Insights

One Year After Amazon Buys Whole Foods, Grocers Prepare For New Era

Until a year ago, the majority of retail executives considered food a holdout against e-commerce penetration, largely because brick-and-mortar grocers’ supply chains are so efficient at getting products to consumers.

But Amazon’s purchase of Whole Foods Market in August 2017 signaled that the leading online retailer sees a significant future for itself in food – and that this can best be done in combination with physical stores. So, it could be the start of a new era of omnichannel food retail with an evolving role for the store.

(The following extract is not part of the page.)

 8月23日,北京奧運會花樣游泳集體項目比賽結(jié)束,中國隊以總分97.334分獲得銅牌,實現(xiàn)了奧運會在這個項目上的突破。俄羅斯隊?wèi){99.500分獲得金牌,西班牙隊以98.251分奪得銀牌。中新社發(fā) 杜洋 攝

Making online food profitable is hard, and much of the challenge is related to technology, an area where food retail incumbents tend to struggle. One condition for success is a shopping interface that is more compelling and more convenient than shopping from supermarket shelves – and that gets over shoppers’ natural desire to see, smell, and touch fresh food before they buy it.  One way to make an online interface attractive would be for it to help customers make their weekly meal plan.

Another requisite is an extremely efficient system to pick items from a warehouse to fulfill customer orders: Now, supermarkets “outsource” this task free of charge to their customers, who take items from store shelves themselves. Omnichannel retailers will need to design warehouses specially to fulfill orders efficiently.

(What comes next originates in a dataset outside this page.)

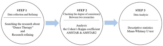 For sustainable research in the field of DT, a SR of the quality of meta-analysis studies is required. Although research has been conducted to evaluate the quality of systematic literature reviews in the field of dance, to our knowledge, no studies have been conducted on the methodological quality evaluation of meta-analysis related to DT. Hence, in this study, AMSTAR and AMSTAR 2 are used simultaneously to perform a methodological quality evaluation of meta-analysis studies and analyze the assessment results generated by each tool. Therefore, this study will test the following: (1) What are the main characteristics of DT meta-analysis? (2) What is the methodological quality evaluation score and quality level of DT related meta-analysis research? and (3) Is there a difference in the quality of evaluation score for each variable of DT in the meta-analysis research?

Making online food profitable is hard, and much of the challenge is related to technology, an area where food retail incumbents tend to struggle

Thirdly, an omnichannel grocer will need to deliver fresh food quickly and cheaply. This implies a fleet of delivery vehicles that can maintain food at the right temperature and deposit grocery baskets even when a customer is not at home. Supermarkets’ traditional means of delivery is far cheaper: getting customers to take purchases home themselves.  Solutions will depend on individual markets – their population density and how open people are to buying food online.

However, incumbents tend to struggle with the types of innovation required for omnichannel, so grocers have started to analyze which tasks they can excel at and to find partners for the rest. Target bought grocery startup Shipt for $550 million in December. Instacart has forged partnerships with grocery stores including Albertsons Cos. and Costco Wholesale Corp. British online grocer Ocado in May received a $250 million investment from Kroger Co, which wants to help develop robotically operated warehouses.

Partnerships will eventually fragment the value chain that runs from product to customer and trigger an era of specialization. This, we believe, will be the major disruption coming in retail, and its impact will go beyond food. Success throughout retail will imply the right decisions over where to maintain strategic control and where to delegate a task to a partner.  We think there will be six main business models that can prosper in the new world of retail: magnetic ecosystem, fulfillment specialist, choice intermediary, product leader, customer experience specialist, and key location player. Each is based on a particular dimension of strategic control. Most retailers will likely combine elements of more than one model.